Task item:
Only one stretch of the data should be retyped: the lines from the line containing "Caption: : Christus" through the line containing "Dijkstra’s Algorithm (Con’t)". Keep pictures out of it.

[[ Data provided open ]]

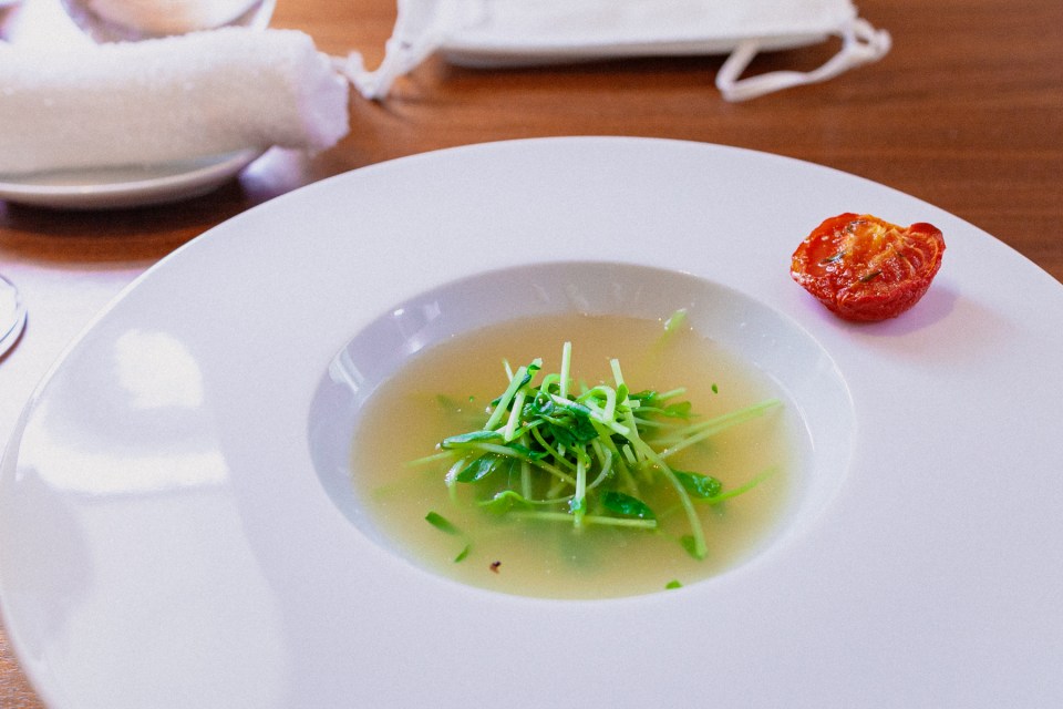 一皿目は羊のスープ。捌いた羊の骨でフォンを取ったもの。
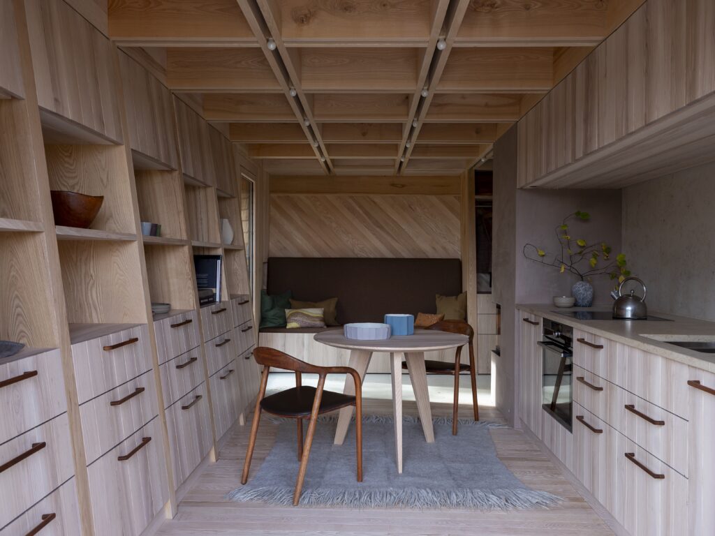 Dank der steilen Wände mit einem Neigungswinkel von 70 Grad bietet das Haus trotz seiner kleinen Grundfläche einen Stauraum von 120 Kubikmetern. Maximal genutzt wird dieser Raum durch Außenwände, die gleichzeitig als Möbel fungieren. Sofa, Regale, Schreibtisch sind in die tragende Struktur des Hauses integriert. Durch den Verzicht auf Verkleidungen bleibt das Tragwerk klar sichtbar.
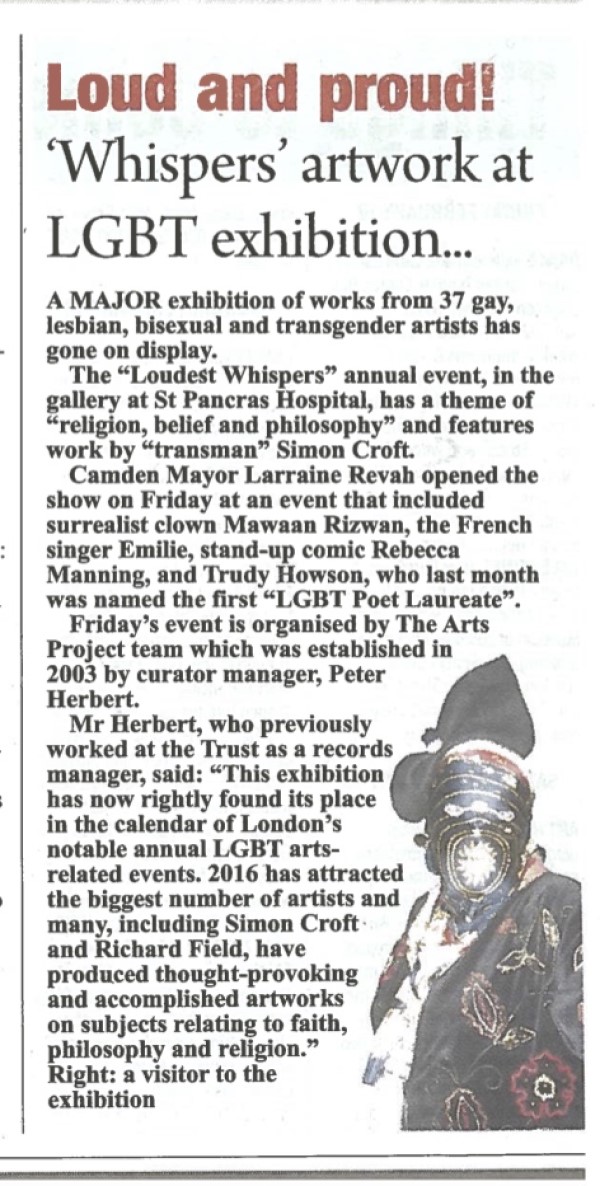 I received a shout-out in Camden New Journal, 11 February 2016, for my work that was showcased in the ‘London Whispers’ Exhibition.
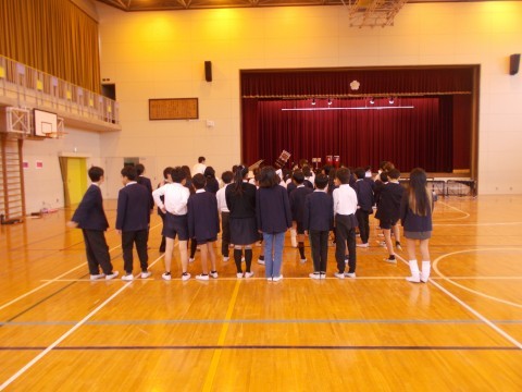 今日は,座席から入場して,演奏,退場の練習をしました。
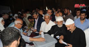 ريف دمشق-سانا تشهد المراكز الانتخابية في أشرفية صحنايا بريف دمشق إقبالاً متزايداً من الناخبين للإدلاء بأصواتهم واختيار مرشحهم لمنصب رئيس الجمهورية وتوزعت صناديق الاقتراع في البلدة على 19 مركزاً انتخابياً. ففي مركز مدرسة الشهيد بسام عزام بين رئيس المركز رستم …
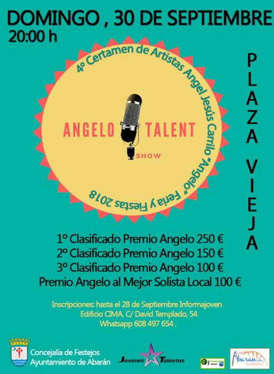 Tras los éxitos obtenidos en los tres años anteriores, para el domingo 30 de septiembre está programado la cuarta edición del Certamen de Artistas 'Angelo Talent', en homenaje y recuerdo al desaparecido cantante abaranero ‘Ángelo’. También en esta ocasión serán cuatro premios los que se repartirán entre los mejores artistas que suban al escenario de la plaza Vieja. Aquí pueden consultar las bases de este concurso musical.
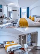 房间设施:部分房型配备戴森吹风机、爱马仕洗漱用品等高端设施,还有智能家居系统。房间多为洞穴式设计,部分房型带有室内泡池、户外海景泳池或私人小院子,如C703空中花园海景露台大床房,面积达80平方米,配有室内按摩浴缸和户外冲浪按摩浴缸。
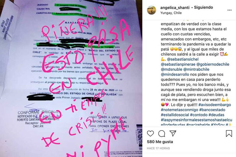 "Miren la tremenda sorpresita que tiró hoy a las 14:25 horas en el jardín de mi casa el simpático receptor Roberto Santander Hernández". Con ironía, Ángelica Sepúlveda contó en Instagram el complejo momento que está viviendo. BancoEstado emitió un mandato por una deuda de cerca de dos millones de pesos, que la tiene al borde del embargo.
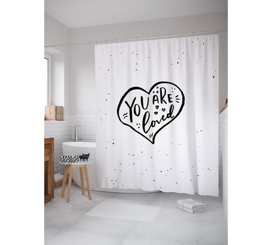 Штора (занавеска) для ванной JoyArty "Тебя любят" из сатена, 180х200 см с крючками, sc_53916
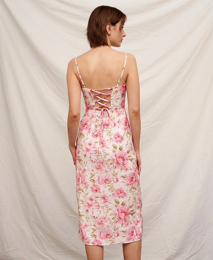 Beckett Floral Lace-Up Midi Dress – Ivory Multi
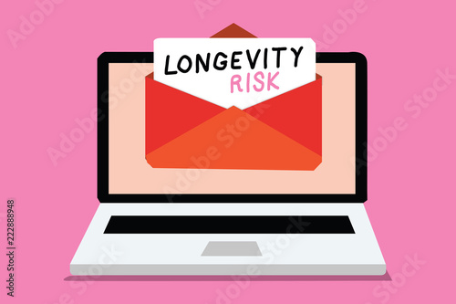 Writing note showing Longevity Risk. Business photo showcasing Potential threat due to increasing lifespan of pensioners Computer receiving email important message envelope with paper virtual
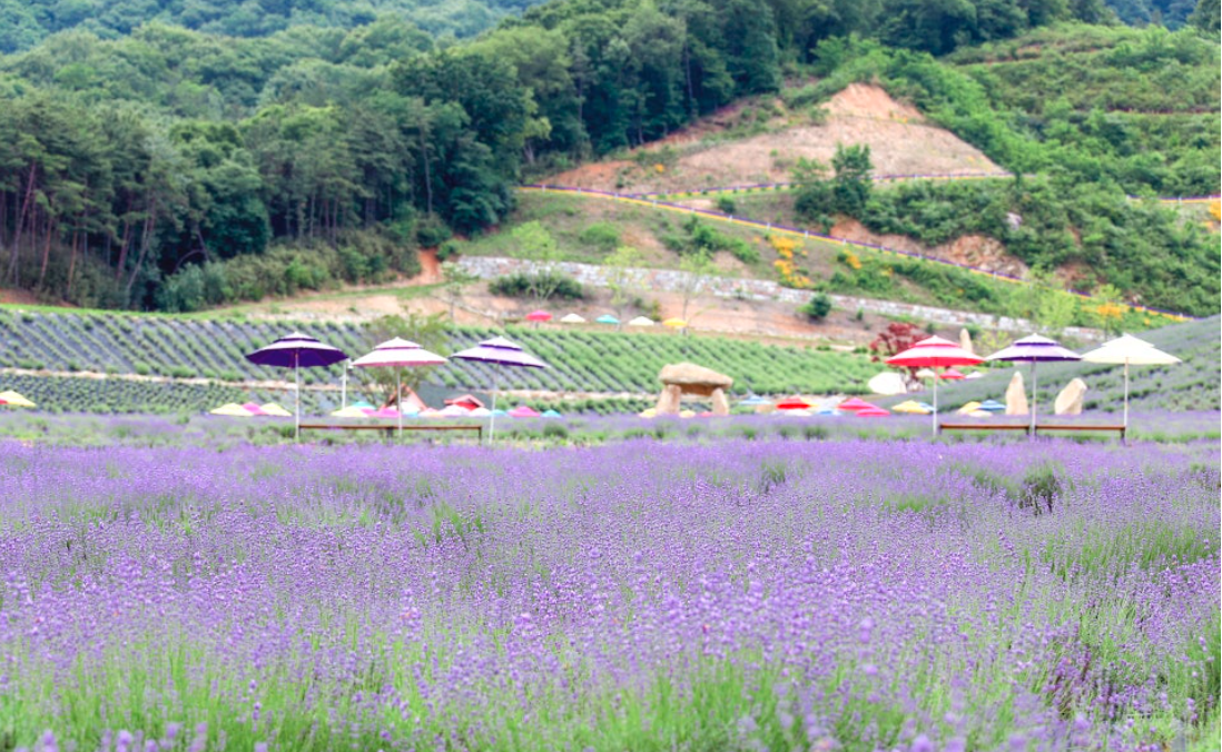 전북 정읍에 위치한 ‘허브원’은 국내 최대 규모의 라벤더 정원으로, 매년 6월 중순이면 보랏빛 라벤더 물결이 장관을 이룹니다.
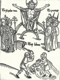 Caption: : Christus weist den drei Ständen ihre Aufgaben zu: Tu supplex ora („du bete demütig!“) zum Klerus, Tu protege („du beschütze!“) zu Kaiser und Fürsten, Tuque labora („und du arbeite!“) zu den Bauern.
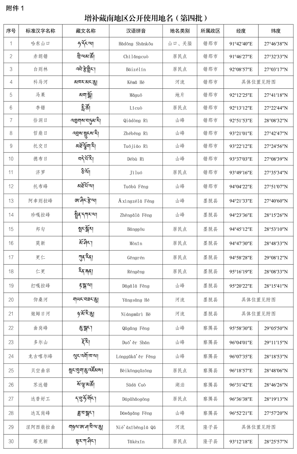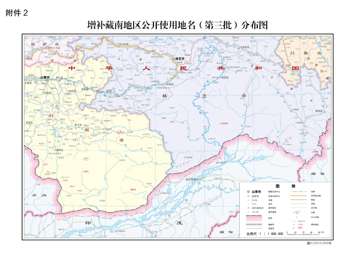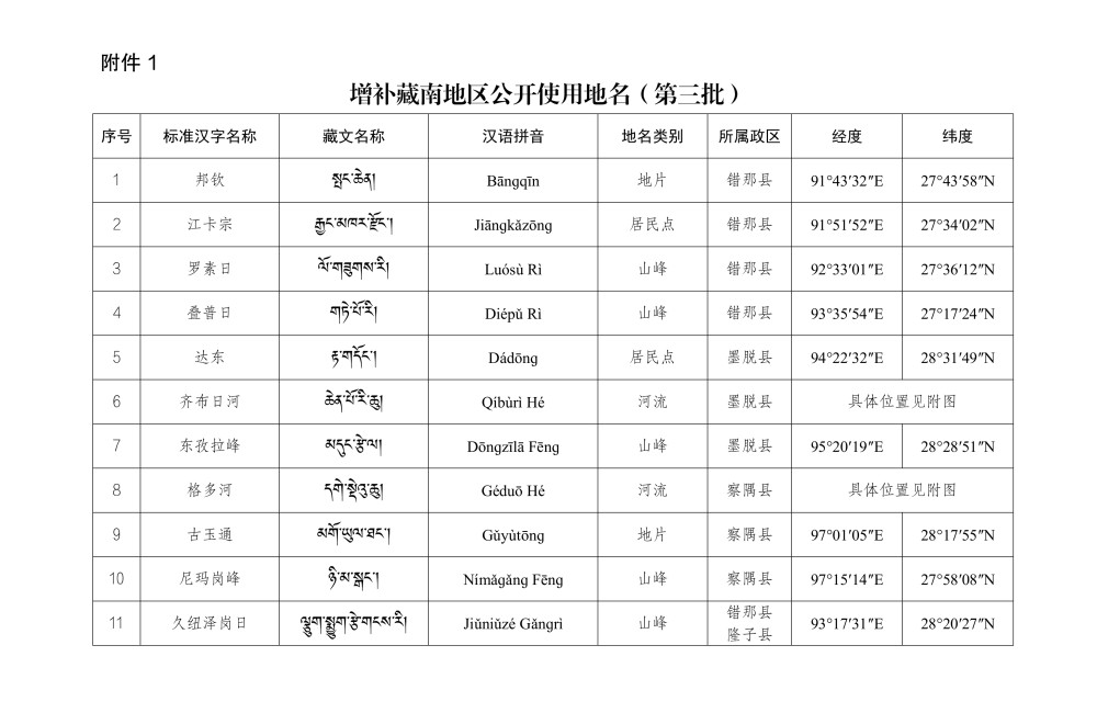 2023年4月2日,民政部發布公告,根據國務院地名管理的有關規定,民政部會同有關部門對我國藏南地區部分地名進行了標準化處理。並正式公布第三批增補藏南地區公開使用地名(共11個)。
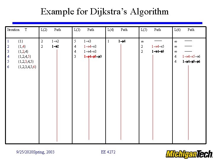 Dijkstra’s Algorithm (Con’t) Step 1: Initialization T = {s} : at initial stage, only source node included L(n) = w(i, j) for all n s Step 2: Find the neighboring node x not in T that has the least-cost path from source node s and include that node into T, i. e. , add node x to set T Step 3: Update least-cost paths due to node x included L(n) = min [L(n), L(x) +w(x, n)] Step 4: algorithm terminates when all nodes included in T, otherwise, go back to step 2 9/25/2020 Spring, 2003 EE 4272
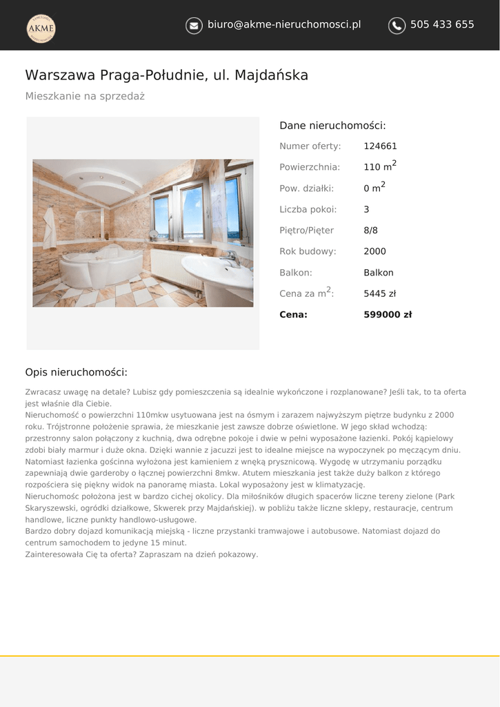 [email protected] 505 433 655 Warszawa Praga-Południe, ul. Majdańska Mieszkanie na sprzedaż Dane nieruchomości: Numer oferty: 124661 Powierzchnia: 110 m Pow. działki: 0m Liczba pokoi: 3 Piętro/Pięter 8/8 Rok budowy: 2000 Balkon: Balkon 2 2 2 Cena za m : 5445 zł Cena: 599000 zł Opis nieruchomości: Zwracasz uwagę na detale? Lubisz gdy pomieszczenia są idealnie wykończone i rozplanowane? Jeśli tak, to ta oferta jest właśnie dla Ciebie. Nieruchomość o powierzchni 110mkw usytuowana jest na ósmym i zarazem najwyższym piętrze budynku z 2000 roku. Trójstronne położenie sprawia, że mieszkanie jest zawsze dobrze oświetlone. W jego skład wchodzą: przestronny salon połączony z kuchnią, dwa odrębne pokoje i dwie w pełni wyposażone łazienki. Pokój kąpielowy zdobi biały marmur i duże okna. Dzięki wannie z jacuzzi jest to idealne miejsce na wypoczynek po męczącym dniu. Natomiast łazienka gościnna wyłożona jest kamieniem z wnęką prysznicową. Wygodę w utrzymaniu porządku zapewniają dwie garderoby o łącznej powierzchni 8mkw. Atutem mieszkania jest także duży balkon z którego rozpościera się piękny widok na panoramę miasta. Lokal wyposażony jest w klimatyzację. Nieruchomośc położona jest w bardzo cichej okolicy. Dla miłośników długich spacerów liczne tereny zielone (Park Skaryszewski, ogródki działkowe, Skwerek przy Majdańskiej). w pobliżu także liczne sklepy, restauracje, centrum handlowe, liczne punkty handlowo-usługowe. Bardzo dobry dojazd komunikacją miejską - liczne przystanki tramwajowe i autobusowe. Natomiast dojazd do centrum samochodem to jedyne 15 minut. Zainteresowała Cię ta oferta? Zapraszam na dzień pokazowy. [email protected] 505 433 655
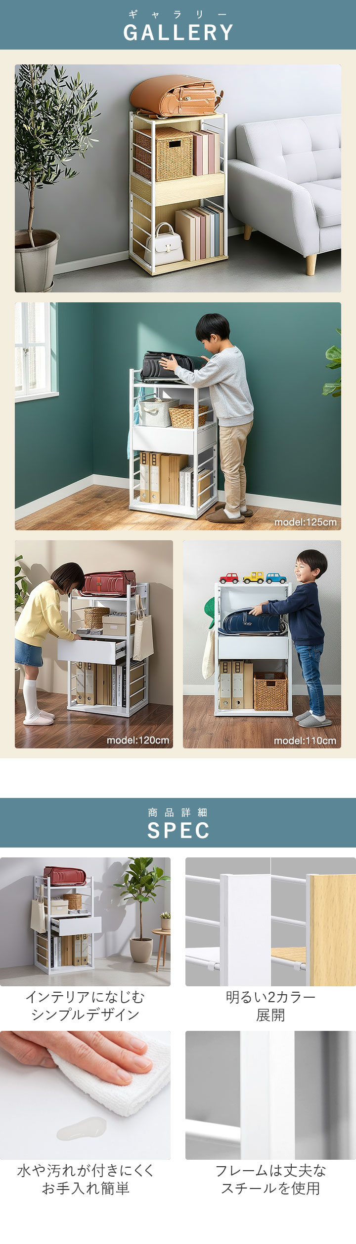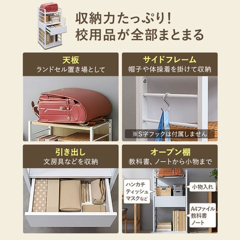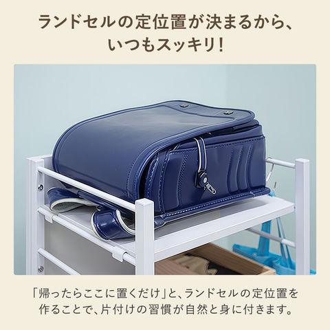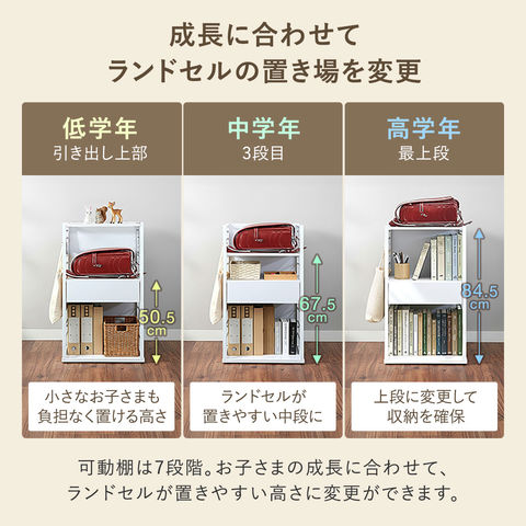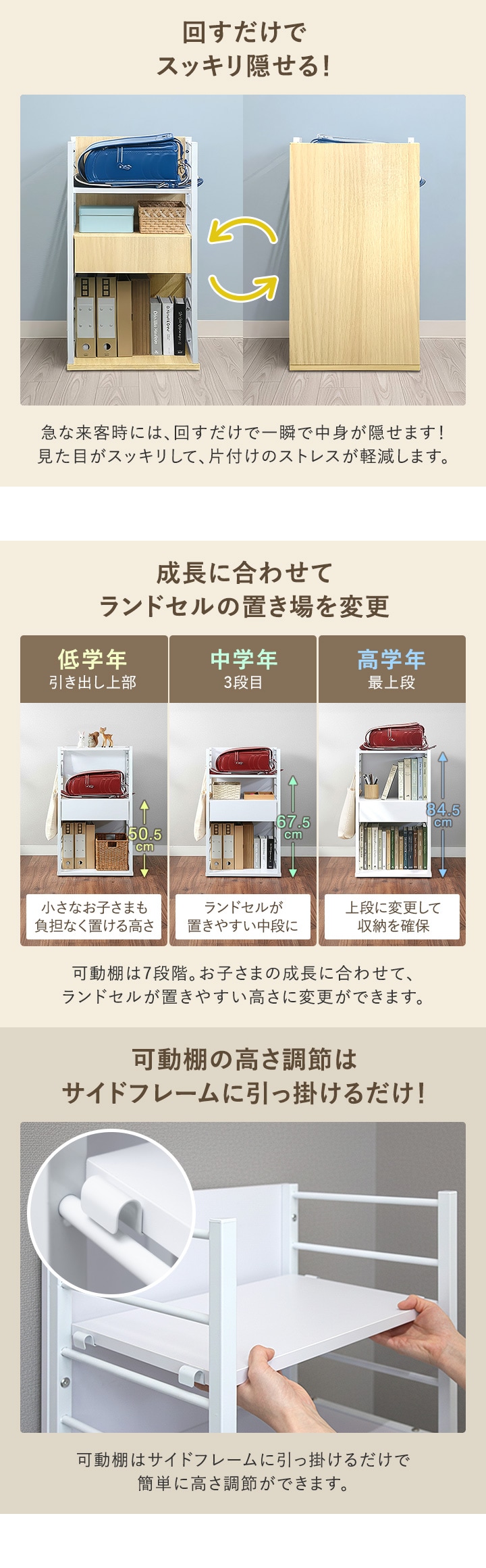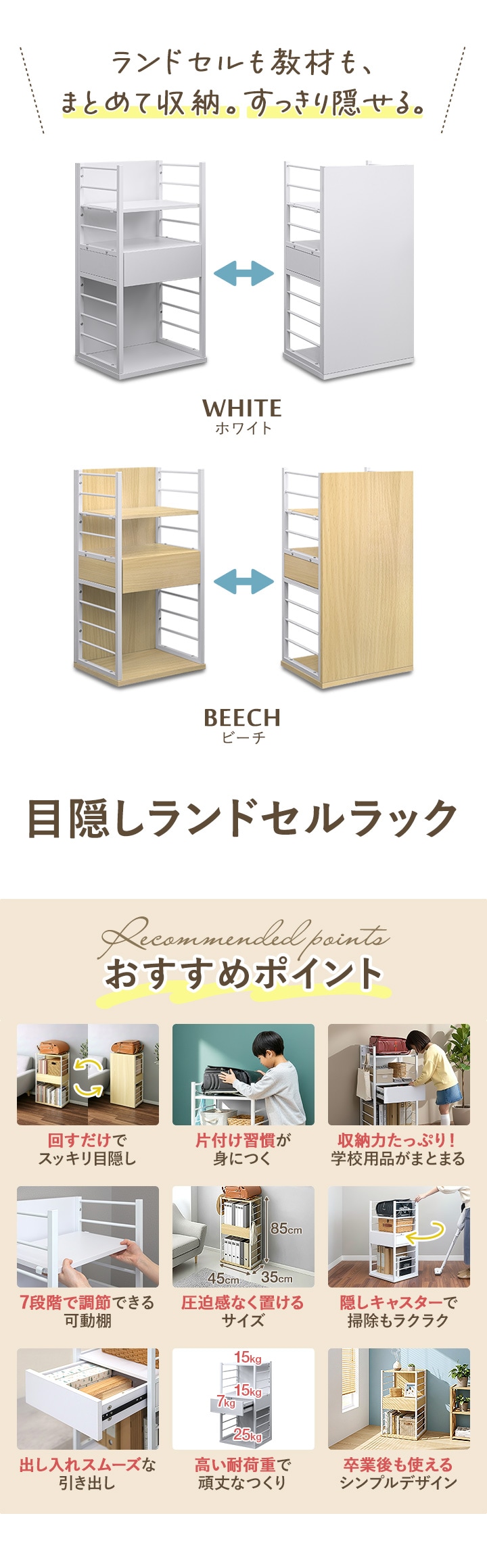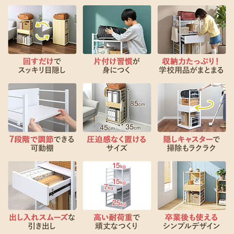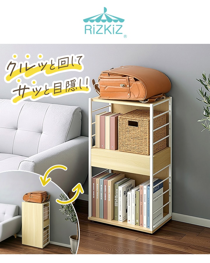 RiZKiZ ランドセルラック キャスター付き (ホワイト) 目隠しワゴン 幅45cm×高さ85cm ランドセル収納 スリム 可動棚 引出し付き お片付け 本棚 子供部屋 入学準備 インテリア 収納 ラック 子供用 収納棚 教科書 おもちゃ 小学校 おしゃれ 木目 北欧 送料無料

[[ Data provided closed ]]

Output:
 Caption: : Christus weist den drei Ständen ihre Aufgaben zu: Tu supplex ora („du bete demütig!“) zum Klerus, Tu protege („du beschütze!“) zu Kaiser und Fürsten, Tuque labora („und du arbeite!“) zu den Bauern.
 2023年4月2日,民政部發布公告,根據國務院地名管理的有關規定,民政部會同有關部門對我國藏南地區部分地名進行了標準化處理。並正式公布第三批增補藏南地區公開使用地名(共11個)。
 Dijkstra’s Algorithm (Con’t) Step 1: Initialization T = {s} : at initial stage, only source node included L(n) = w(i, j) for all n s Step 2: Find the neighboring node x not in T that has the least-cost path from source node s and include that node into T, i. e. , add node x to set T Step 3: Update least-cost paths due to node x included L(n) = min [L(n), L(x) +w(x, n)] Step 4: algorithm terminates when all nodes included in T, otherwise, go back to step 2 9/25/2020 Spring, 2003 EE 4272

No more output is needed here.